··· SUPPLIED INFORMATION

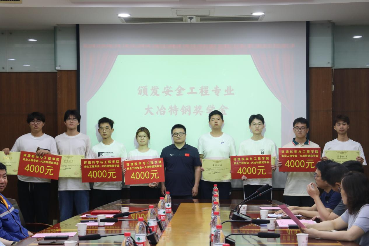 大冶特殊钢有限公司安全副部长为获奖学生颁发“安全工程大冶特钢奖学金”。
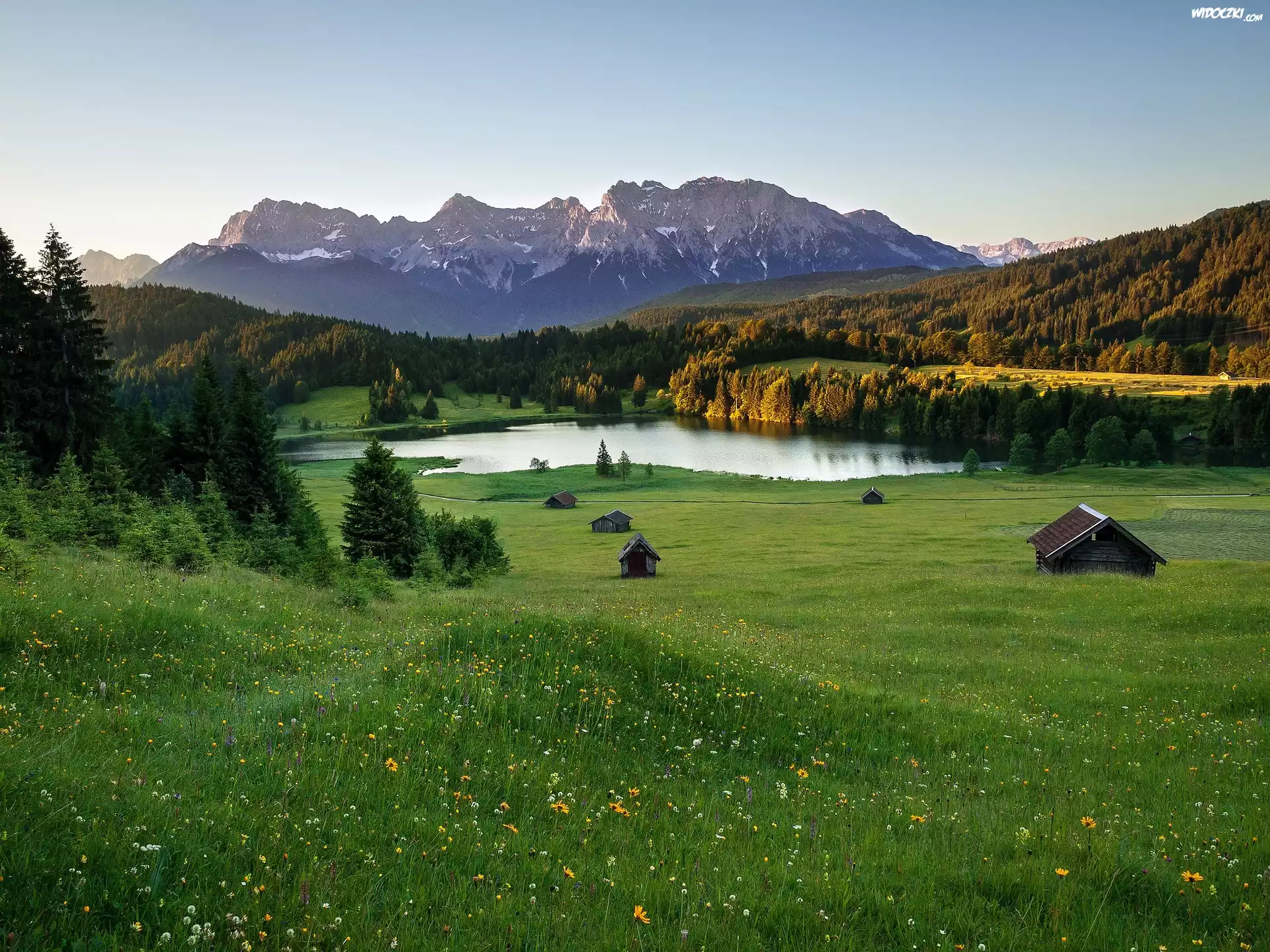 Zdjęcia, Góry, Lasy, Jeziorko, Łąka, Szałasy
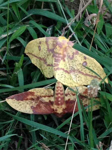 A pair of Imperial Moths mating. They only come above ground once to mate and are fairly succeptible to foraging raccoons... I'd imagine because they choose to lock up on the ground. Really cool when your bugs get super sized to fit the scale of the patch. Thankfully, their appetite isn't for cucurbits. Gnarly looking caterpillars as well, hope they made it to safety!

······

EXERCISE INSTRUCTIONS: Skip the pictures and write out exactly the lines from the line containing "Zdjęcia, Góry, Lasy, Jeziorko, Łąka, Szałasy" through the end of the listing above.

SOLUTION FOR THIS EXERCISE:
 Zdjęcia, Góry, Lasy, Jeziorko, Łąka, Szałasy
 A pair of Imperial Moths mating. They only come above ground once to mate and are fairly succeptible to foraging raccoons... I'd imagine because they choose to lock up on the ground. Really cool when your bugs get super sized to fit the scale of the patch. Thankfully, their appetite isn't for cucurbits. Gnarly looking caterpillars as well, hope they made it to safety!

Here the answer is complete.